• _Recorded information_:
#####
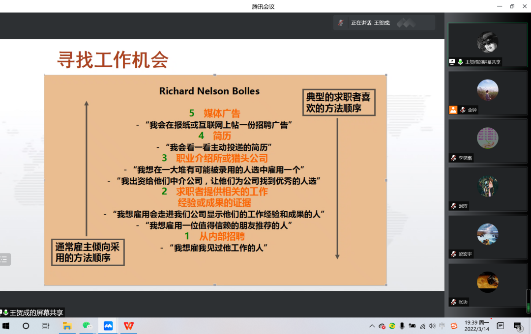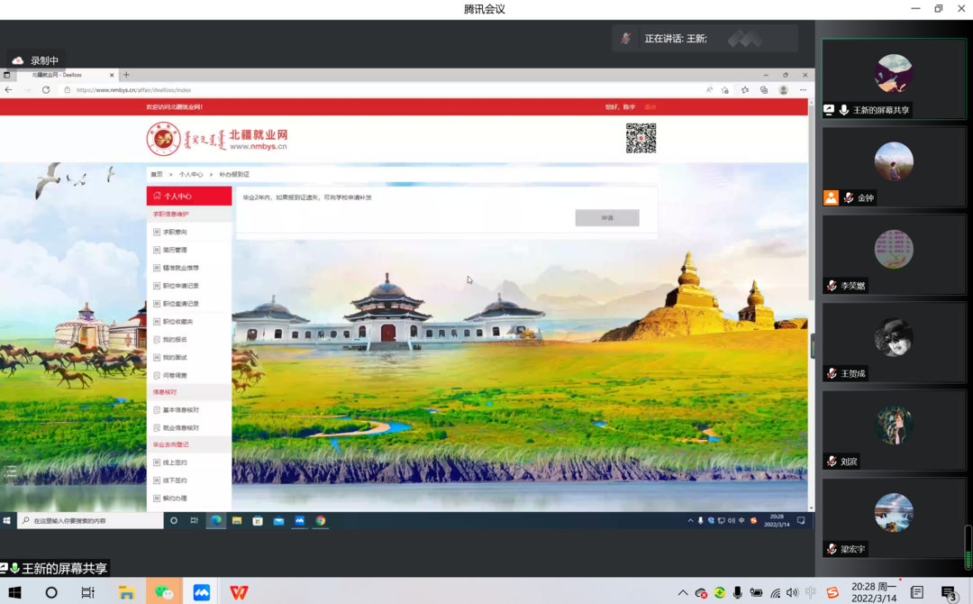 为贯彻党中央、国务院“稳就业”“保就业”决策部署,落实学校就业工作要求,推进beat365官网2022届毕业生就业工作,促进毕业生高质量就业,beat365正版唯一官网必一于2022年3月14日晚特邀请我校招生就业处就业市场部部长刘在青、招生就业处职业发展指导中心主任王贺成、招生就业处就业信息服务中心王新三位老师开展线上就业政策讲座,beat365官网党委书记七十三、院长乌云特娜、副院长侯友、全院教师及2022届毕业生参加讲座,讲座由学院党委副书记副院长张晓阳主持。
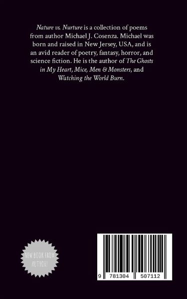Nature vs. Nurture is book by Author Michael J. Cosenza containing 132 poems. It covers various topics, such as love and life, and is written in a free verse format without punctuation.
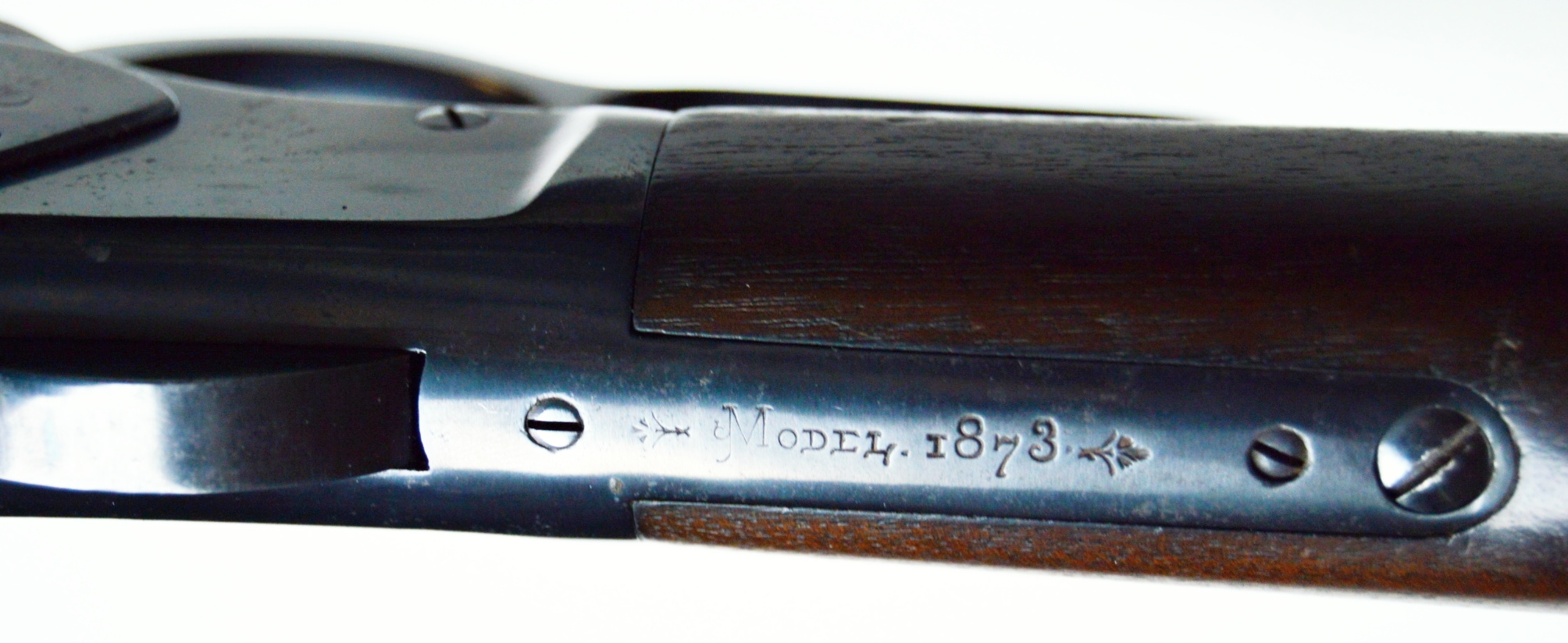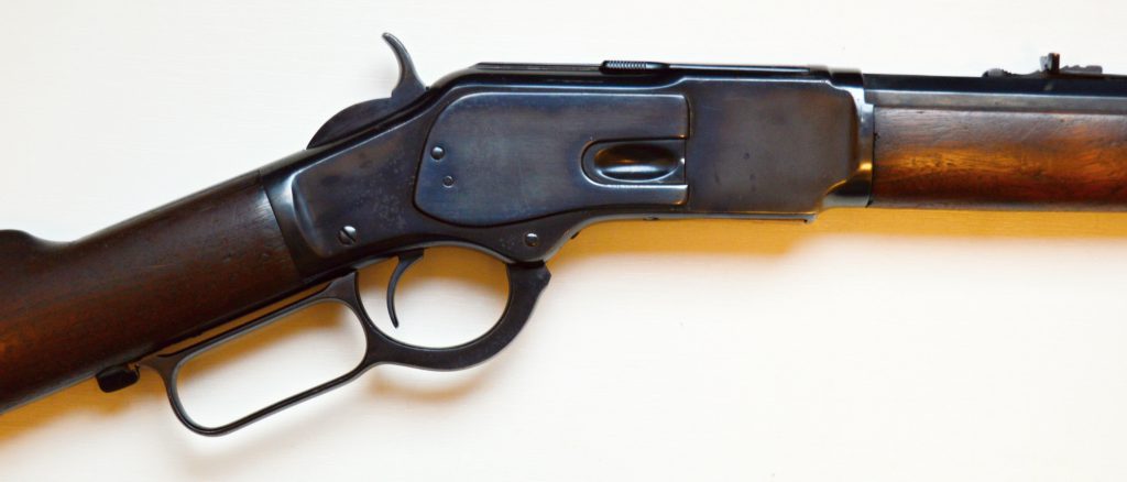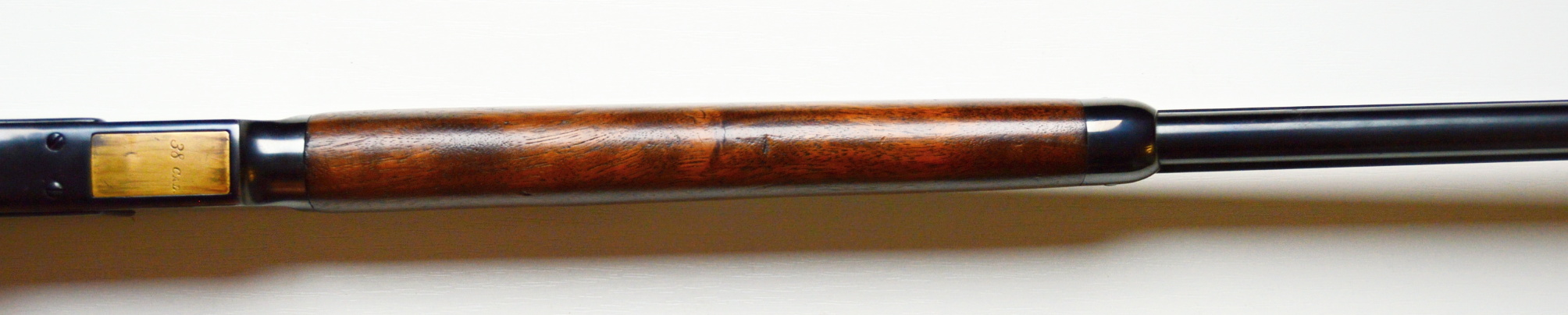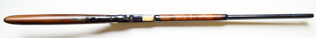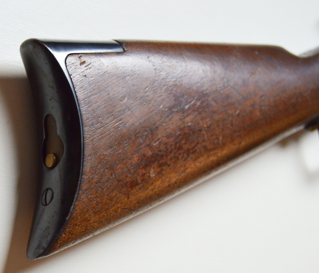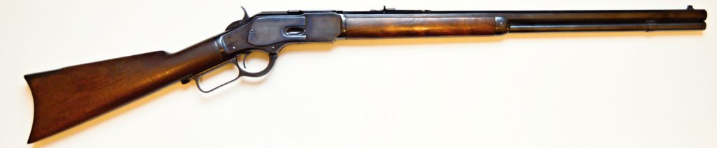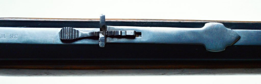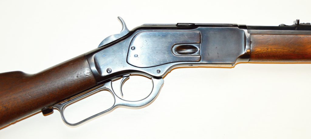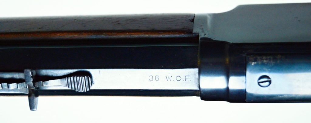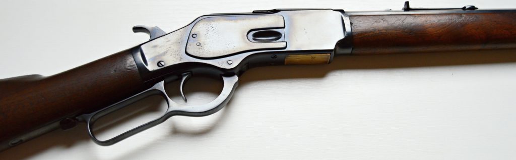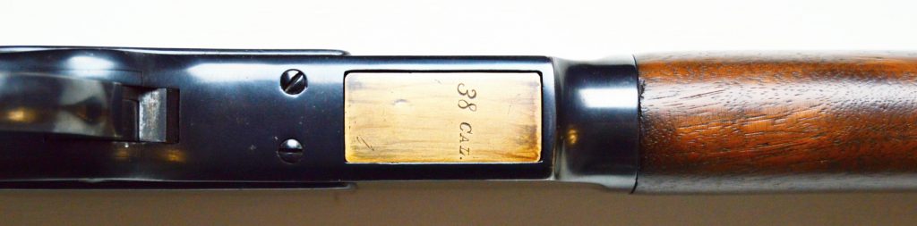Rifle Winchester 1873 cal. 38-40,. . Hlaveň octagonal dlouhá 24″ má perfektní signaturu, drážky v hlavni jsou ostré, lesklé a hluboké. Odhad je 85/100. Kovové části zbraně mají ostré hrany a jsou bez rzi. Dřevo je perfektní. Originál mířidla. Mosazný „výtah“ je nepoškozený, včetně čitelné kalibrace, Puška je plně funkční, podává, vyhazuje, střílí. Prachová krytka se po natažení páky sama odsune. Zbraň je po mechanické i vizuální stránce velice pěkná. Hlavy šroubů neožvýkané… Patenty na hlavni, označení modelu a výrobní číslo, vše je 100% krásně čitelné.
#####
Copy out the lines above in full and unaltered, apart from the pictures.

 为贯彻党中央、国务院“稳就业”“保就业”决策部署,落实学校就业工作要求,推进beat365官网2022届毕业生就业工作,促进毕业生高质量就业,beat365正版唯一官网必一于2022年3月14日晚特邀请我校招生就业处就业市场部部长刘在青、招生就业处职业发展指导中心主任王贺成、招生就业处就业信息服务中心王新三位老师开展线上就业政策讲座,beat365官网党委书记七十三、院长乌云特娜、副院长侯友、全院教师及2022届毕业生参加讲座,讲座由学院党委副书记副院长张晓阳主持。
Nature vs. Nurture is book by Author Michael J. Cosenza containing 132 poems. It covers various topics, such as love and life, and is written in a free verse format without punctuation.
Rifle Winchester 1873 cal. 38-40,. . Hlaveň octagonal dlouhá 24″ má perfektní signaturu, drážky v hlavni jsou ostré, lesklé a hluboké. Odhad je 85/100. Kovové části zbraně mají ostré hrany a jsou bez rzi. Dřevo je perfektní. Originál mířidla. Mosazný „výtah“ je nepoškozený, včetně čitelné kalibrace, Puška je plně funkční, podává, vyhazuje, střílí. Prachová krytka se po natažení páky sama odsune. Zbraň je po mechanické i vizuální stránce velice pěkná. Hlavy šroubů neožvýkané… Patenty na hlavni, označení modelu a výrobní číslo, vše je 100% krásně čitelné.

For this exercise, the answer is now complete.